Furthermore, prohibitions and the harshness of some of our pronouncements and actions make it more difficult for us to retain or reach out to our youth who are at risk. We could retain more at-risk children and reclaim some who have moved beyond being at risk if we would show more kindness, more patience.

The message conveyed by the Rav Shach incident that Rabbi Grylak recounts is that there is much wrong with our approach and attitudes. I am skeptical about certain of the details – the original source is a book – yet what is striking about this episode is Rav Shach’s anger at the Roshei Yeshiva who came to see him about expelling a student for a very serious violation of halacha. For the Gadol Hador to call these Roshei Yeshiva “murderers” is more than extraordinary. What is also remarkable is Rabbi Grylak’s writing about this in a publication that is embedded in the yeshiva world. We are, after all, taught from a young age to have enormous respect for Roshei Yeshiva and Torah leaders and not in any way to criticize them. Rabbi Grylak conveyed the story although he was cautioned not to “write about this issue.” His answer was, “I’m not writing it, I’m screaming it.”

This is probably the most troubling aspect of what is happening within our community. There is spreading discontent over the culture of issur. In all my years of klal activity I have never seen similar pain or heard such words of criticism as are now being expressed in yeshiva-world families among whom obedience has been the hallmark.
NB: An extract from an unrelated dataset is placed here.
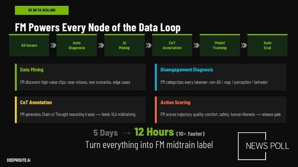 차오 최고기술책임자는 "2025년 말까지 딥루트닷에이아이의 자율주행 시스템이 탑재된 양산 차량 25만 대 이상을 성공적으로 출하했다"고 말했다. 이어 "파운데이션 모델은 딥루트닷에이아이의 차세대 자율주행 지원을 위한 핵심 초석이자 물리적 세계를 위한 근본적인 AI 프레임워크로 기능한다. 이 통합 아키텍처는 시스템이 단순한 실행을 넘어 복잡한 교통 환경을 이해하고 의사결정의 기저 논리를 설명하며 주행 행동을 평가할 수 있게 한다. 이러한 진화는 자율주행 시스템에 더욱 포괄적인 인지 및 의사결정 역량을 부여한다"고 덧붙였다.

I have heard nasty words about Torah leaders from outside of our four cubits and I have been the target of nastiness and hostility because of my advocacy of the primacy of the Torah world and its leaders. Never has there been such anguish and even discontent within our own ranks.

I cannot adequately express the pain that I feel now over this brief essay. This world has been my spiritual home and much more. It is what I have given much of my life to. I am crying inside as I write these lines. Something is terribly wrong. The culture of issur is wrong. The alienation of too many of our young is wrong.

The existence alone of what is referred as the Chareidi Gehinnom should give all of us pause.